I am going to start a tank journal this week it looks so nice


----------



## Monster Fish

sublimescorpio said:


> Yep, they only have 100lb bags for $17 something, they have a parking lot on the block (gate is yellow).....water is a bit cloudy, but is quickly clearing up with the filter on...xxben (not his full username, cannot remember the whole thing) said to turn the filter off while putting the sand in...
> 
> I am going to start a tank journal this week it looks so nice


Oh cool. I guess Ill drive out from Queens since taking the subway while hauling a 100lb bag of sand is kinda silly.


----------



## sublimescorpio

hehe that is a good idea! Also they will put in right in the car for you....Just a note, encase you get a different guy, he suggestion to be careful picking up the bag as they rip if you pull it the wrong way...Since they are made of paper and well 100lb is heavy, I figured better safe than sorry, so I put the bag in a garage bag before taking it out of the car..


----------



## Monster Fish

Oh I could carry 100lbs just fine. And good idea on the garbage bag. I wouldn't want to carry it and have it rip open all over my car's trunk.


----------



## frrok

Haven't picked mine up yet. I don't really need it yet. But I'm glad is the good version of black beauty! With no nasties.
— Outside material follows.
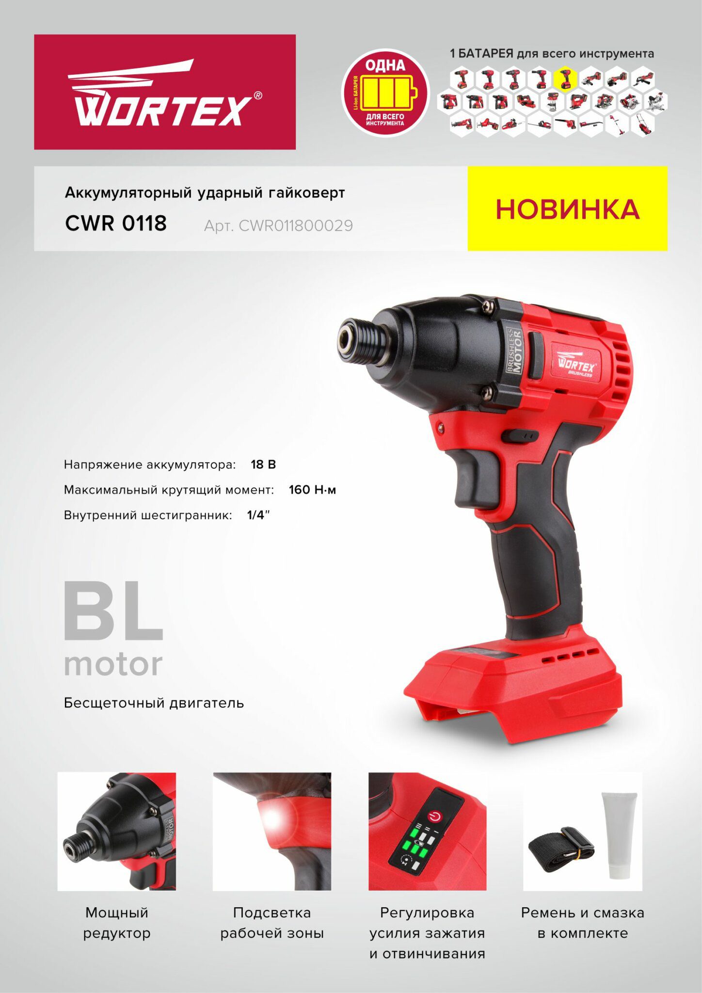 Шуруповерт (винтоверт) ударный аккумуляторный WORTEX CWR 0118 ALL1 (0329286) имеет бесщеточный двигатель, что способствует повышенной устойчивости к нагрузкам, обеспечивает легкость инструмента, простоту в его обслуживании. Для точности в работе гайковерт оснащен панелью регулировки крутящего момента. Удобству пользователя способствует подсветка, обрезиненная рукоятка.

Lol.


----------



## Lesley

From what I've read & all the info I've gathered, it's the 20/40. That's what I bought.


----------



## AnniePN

We have available a blasting sand called Black Magic, it is made in 20/40 but it is not sold anywhere in that size... the only size I can find in Oregon is called 16/40, I would think it is pretty close to the same grit size though...I hope.


----------



## frenchymasters

AnniePN said:


> We have available a blasting sand called Black Magic, it is made in 20/40 but it is not sold anywhere in that size... the only size I can find in Oregon is called 16/40, I would think it is pretty close to the same grit size though...I hope.


 
thats pretty close the size anyway....you will be fine with that


----------



## old-newbie

lol new to this forum and going to set up a 90 gl like the miracle-grow with black diamond cap so i started looking around for black diamond sand and found out its made in woodbury mn 5 miles from where i live.


----------



## Daximus

old-newbie said:


> lol new to this forum and going to set up a 90 gl like the miracle-grow with black diamond cap so i started looking around for black diamond sand and found out its made in woodbury mn 5 miles from where i live.
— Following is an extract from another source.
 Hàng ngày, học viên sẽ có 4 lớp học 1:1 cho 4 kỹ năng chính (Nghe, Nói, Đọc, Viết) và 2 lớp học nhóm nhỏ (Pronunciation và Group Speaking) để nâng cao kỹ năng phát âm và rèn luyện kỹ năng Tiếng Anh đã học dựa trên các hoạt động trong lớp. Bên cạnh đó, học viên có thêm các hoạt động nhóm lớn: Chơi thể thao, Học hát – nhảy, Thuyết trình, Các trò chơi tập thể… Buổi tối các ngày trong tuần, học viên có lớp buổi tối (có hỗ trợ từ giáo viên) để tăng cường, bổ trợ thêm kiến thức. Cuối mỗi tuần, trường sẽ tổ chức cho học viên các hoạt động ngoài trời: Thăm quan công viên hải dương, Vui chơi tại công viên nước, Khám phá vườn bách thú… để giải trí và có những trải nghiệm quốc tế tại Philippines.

That exactly what I have setup. You will love it. :biggrin:


----------



## m00se

AnniePN said:


> We have available a blasting sand called Black Magic, it is made in 20/40 but it is not sold anywhere in that size... the only size I can find in Oregon is called 16/40, I would think it is pretty close to the same grit size though...I hope.
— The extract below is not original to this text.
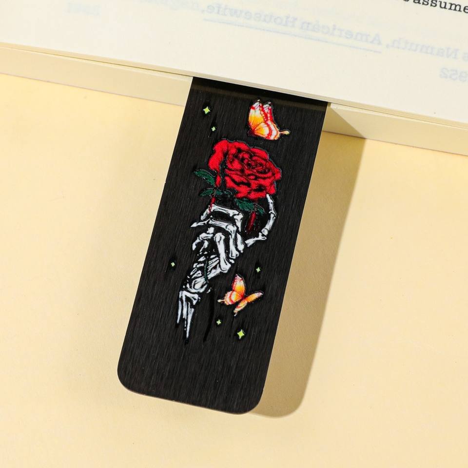 Segnalibro Punk con Teschio e Rosa, Creativo, in Acciaio Inossidabile Nero, per Lettura e Messaggi, Stile Culturale

Grainger Industrial Supply
11767 SE Highway 212, Clackamas, OR (503) 722-1227

They may have to order it for you but they do carry it. Good luck!


----------



## AnniePN

I finally have some black blasting grit, black magic in 20-40 grit. It looks great and I hope will be as good as it looks  Nilocg led me to it up in Portland. Thanks!


----------



## Lesley

Let us know when you use it........ Are you planning to wash it? Package states you don't have to that it's already washed. Let us know. Thanks & Good luck.


----------



## m00se

I used 160 lbs of it and I never washed it. I think it would be a waste of time. After the initial "grey water" during filling, it settles right down.


----------



## AnniePN

I did put it in my tank last night, I had miracle gro already in there soaking in a bit of water and I capped it last night with the blasting grit, no rinsing at all and the water was crystal clear. I can't get my driftwood to sink though, so it is sitting with rocks on top of it, lol.


----------



## asifgy

Will pick up mine from Brooklyn soon, I might need 200lbs for my 120 g.


----------



## frrok

I picked up some black beauty from sublimescorpio, we did a trade with some snails and plants and she let me have the remainder of 100lb bag. Thanks for that!  anyway, black beauty or coal slag is very soft to the touch. I believe we have the 20/40 or medium grit. It does of some brownish particles and some straight pin like pieces but they are not sharp at all and you cant really notice them. They break in two very easily as well. I decided to rinse it a bunch as sublime told me it was very oily and clouded her water. So undid that and am drying it out now. This stuff looks sweet. It's dark and the particle size looks good to use with dirt. Although I probably won't use a really thick cap. 1 inch or so. I'm actually thinking of using some left over Eco-complete and place it on the bottom with dirt mixed in. Kind of like power sand. To promote oxygen flow. See how it works. Anyway. I'll lost a pic once I have the black beauty set up in my tank.


----------



## thebettashop

I must be blind, but didnt see any recommendations for Mineralized Soil Substrate before capping off with the Black Diamond! Any recommendations anyone? Should I just use basic Top Soil?


----------



## Porkchop

thebettashop said:


> I must be blind, but didnt see any recommendations for Mineralized Soil Substrate before capping off with the Black Diamond! Any recommendations anyone? Should I just use basic Top Soil?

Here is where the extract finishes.